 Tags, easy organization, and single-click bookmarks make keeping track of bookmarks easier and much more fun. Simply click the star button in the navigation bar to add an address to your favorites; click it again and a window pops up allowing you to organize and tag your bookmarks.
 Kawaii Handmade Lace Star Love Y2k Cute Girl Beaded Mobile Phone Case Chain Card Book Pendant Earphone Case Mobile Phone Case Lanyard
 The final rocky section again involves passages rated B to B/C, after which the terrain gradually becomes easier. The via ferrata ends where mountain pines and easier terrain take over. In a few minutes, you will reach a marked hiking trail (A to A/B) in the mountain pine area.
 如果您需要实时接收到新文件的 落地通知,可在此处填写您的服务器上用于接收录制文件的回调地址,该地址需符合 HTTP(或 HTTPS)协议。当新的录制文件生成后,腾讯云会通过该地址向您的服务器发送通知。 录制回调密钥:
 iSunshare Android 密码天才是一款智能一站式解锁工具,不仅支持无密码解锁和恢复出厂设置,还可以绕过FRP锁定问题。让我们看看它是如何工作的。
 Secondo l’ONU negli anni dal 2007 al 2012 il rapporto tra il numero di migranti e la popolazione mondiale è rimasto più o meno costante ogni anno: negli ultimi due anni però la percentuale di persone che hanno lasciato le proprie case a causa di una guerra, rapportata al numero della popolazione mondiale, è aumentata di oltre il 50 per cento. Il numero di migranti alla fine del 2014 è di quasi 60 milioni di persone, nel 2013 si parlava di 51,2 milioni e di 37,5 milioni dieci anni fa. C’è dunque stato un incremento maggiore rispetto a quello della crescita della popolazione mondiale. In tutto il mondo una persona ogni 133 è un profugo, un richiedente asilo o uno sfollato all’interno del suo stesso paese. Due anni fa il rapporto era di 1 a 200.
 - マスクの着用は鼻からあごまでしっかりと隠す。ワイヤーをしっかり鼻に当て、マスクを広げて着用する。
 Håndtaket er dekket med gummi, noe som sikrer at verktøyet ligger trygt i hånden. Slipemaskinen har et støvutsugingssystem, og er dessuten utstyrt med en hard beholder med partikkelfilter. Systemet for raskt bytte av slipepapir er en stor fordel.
* * *
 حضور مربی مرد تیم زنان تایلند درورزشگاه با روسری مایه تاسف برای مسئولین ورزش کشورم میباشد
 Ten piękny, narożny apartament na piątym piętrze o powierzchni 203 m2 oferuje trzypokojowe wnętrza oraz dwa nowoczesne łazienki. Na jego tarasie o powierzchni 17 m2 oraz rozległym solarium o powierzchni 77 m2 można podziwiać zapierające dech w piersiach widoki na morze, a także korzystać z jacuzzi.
==
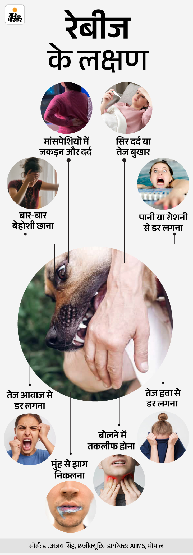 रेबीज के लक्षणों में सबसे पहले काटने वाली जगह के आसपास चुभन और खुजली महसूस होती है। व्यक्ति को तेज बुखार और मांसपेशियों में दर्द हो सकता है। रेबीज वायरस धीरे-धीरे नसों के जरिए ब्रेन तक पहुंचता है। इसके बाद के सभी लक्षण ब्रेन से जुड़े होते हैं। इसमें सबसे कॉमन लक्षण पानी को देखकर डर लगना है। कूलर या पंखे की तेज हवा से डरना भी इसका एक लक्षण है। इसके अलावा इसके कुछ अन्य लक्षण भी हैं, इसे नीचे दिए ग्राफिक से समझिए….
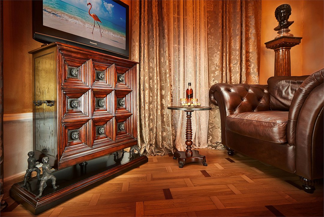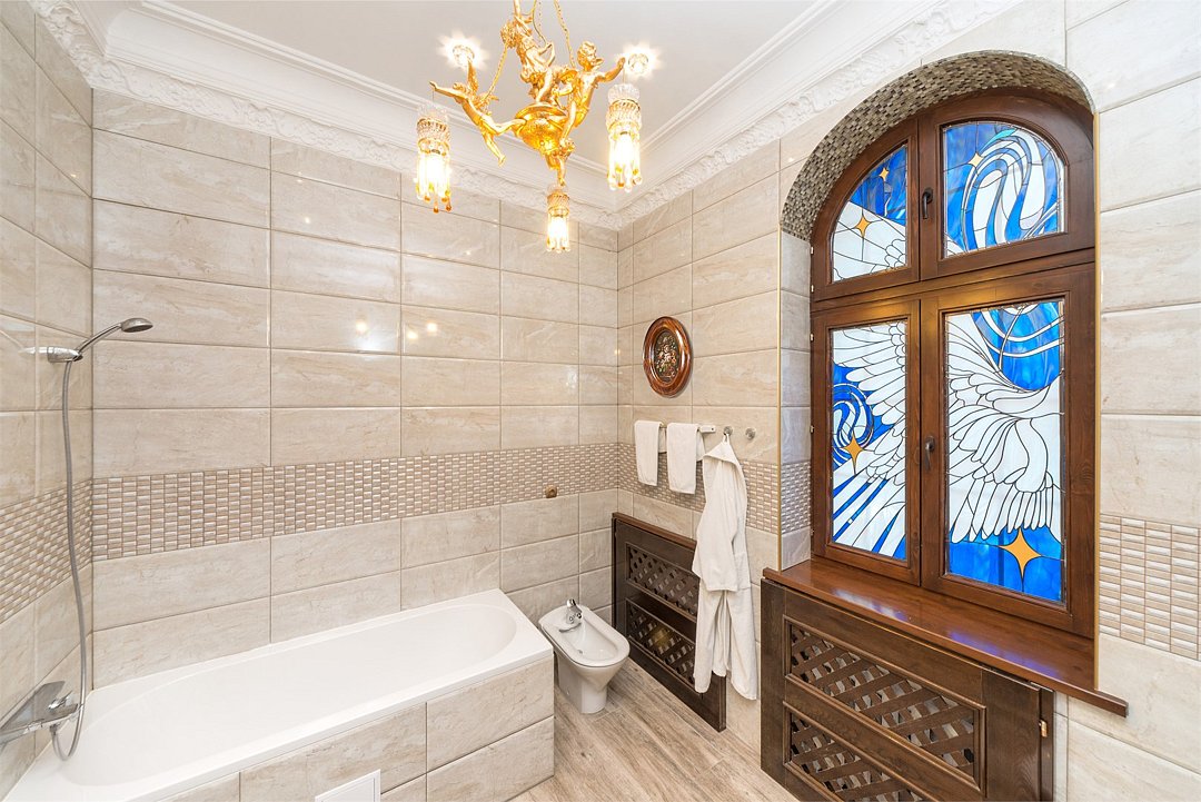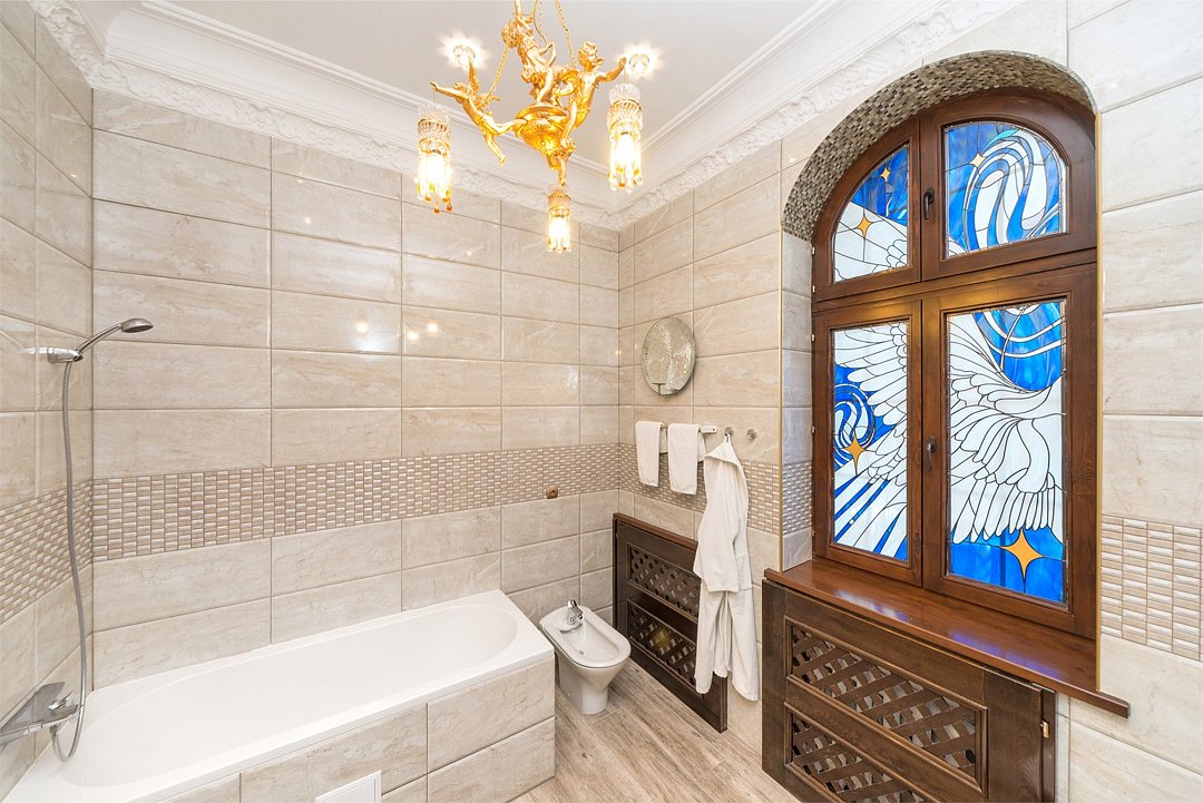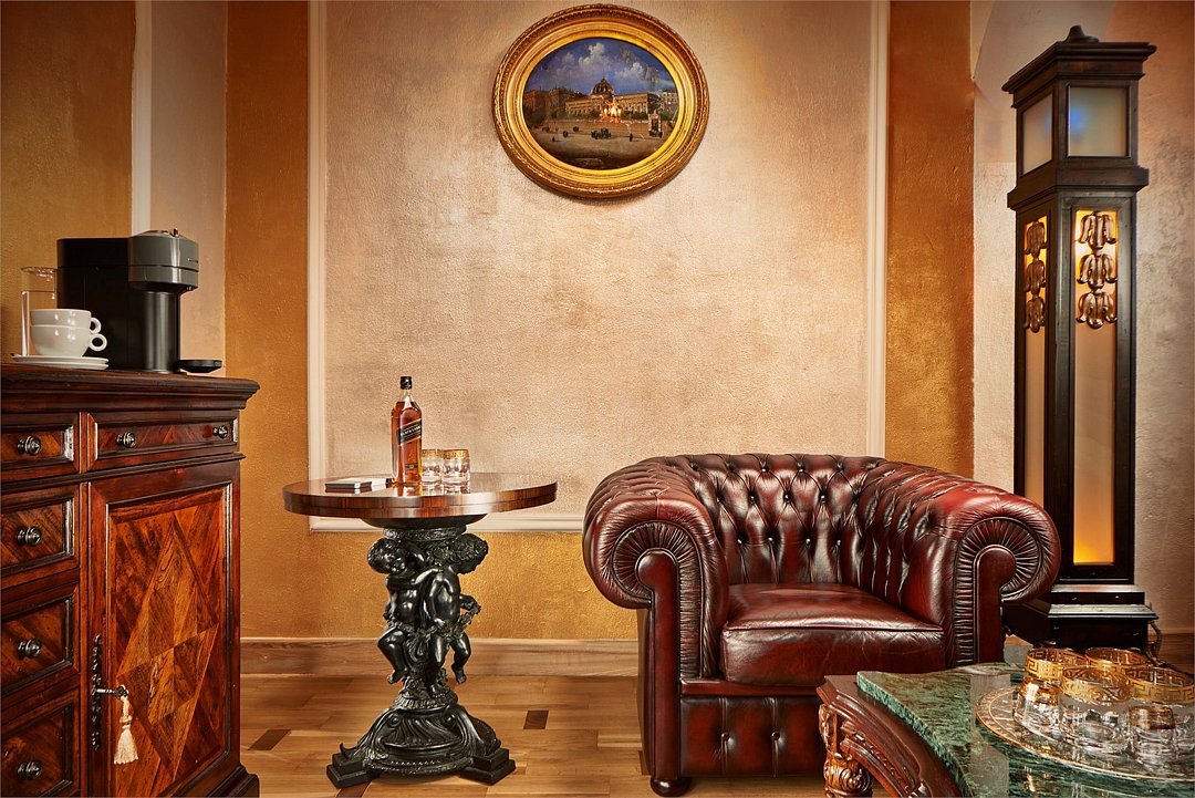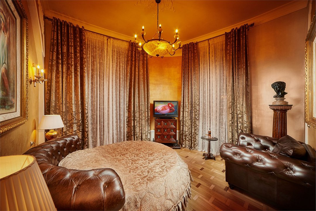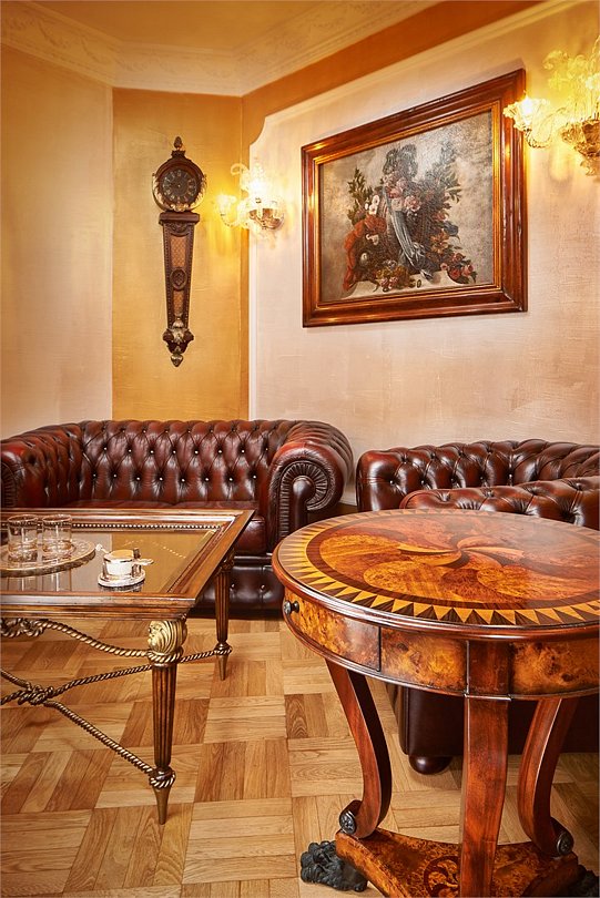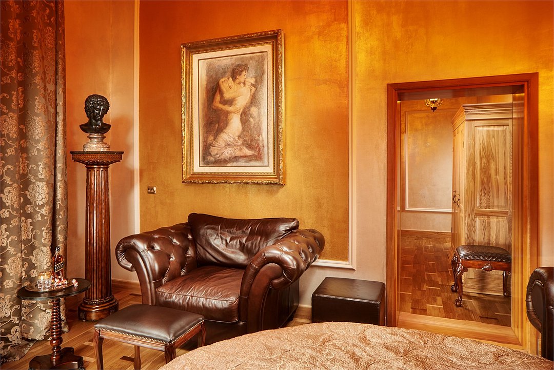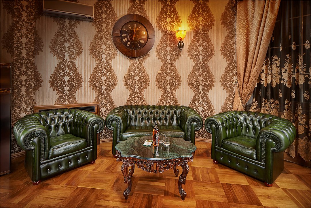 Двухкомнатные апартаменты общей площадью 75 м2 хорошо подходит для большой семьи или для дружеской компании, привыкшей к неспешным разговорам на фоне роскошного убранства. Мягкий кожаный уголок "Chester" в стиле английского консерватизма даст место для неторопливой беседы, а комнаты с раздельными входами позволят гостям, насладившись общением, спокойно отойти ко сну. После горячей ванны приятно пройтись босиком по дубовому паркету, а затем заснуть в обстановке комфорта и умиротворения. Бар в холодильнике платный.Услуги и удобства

> **Exercise instructions**
Above are the records; from them, give again exactly the lines from the one containing "- マスクの着用は鼻からあご" to the one containing "Håndtaket er dekket", both lines included, and nothing more.

> **Task answer**
 - マスクの着用は鼻からあごまでしっかりと隠す。ワイヤーをしっかり鼻に当て、マスクを広げて着用する。
 Håndtaket er dekket med gummi, noe som sikrer at verktøyet ligger trygt i hånden. Slipemaskinen har et støvutsugingssystem, og er dessuten utstyrt med en hard beholder med partikkelfilter. Systemet for raskt bytte av slipepapir er en stor fordel.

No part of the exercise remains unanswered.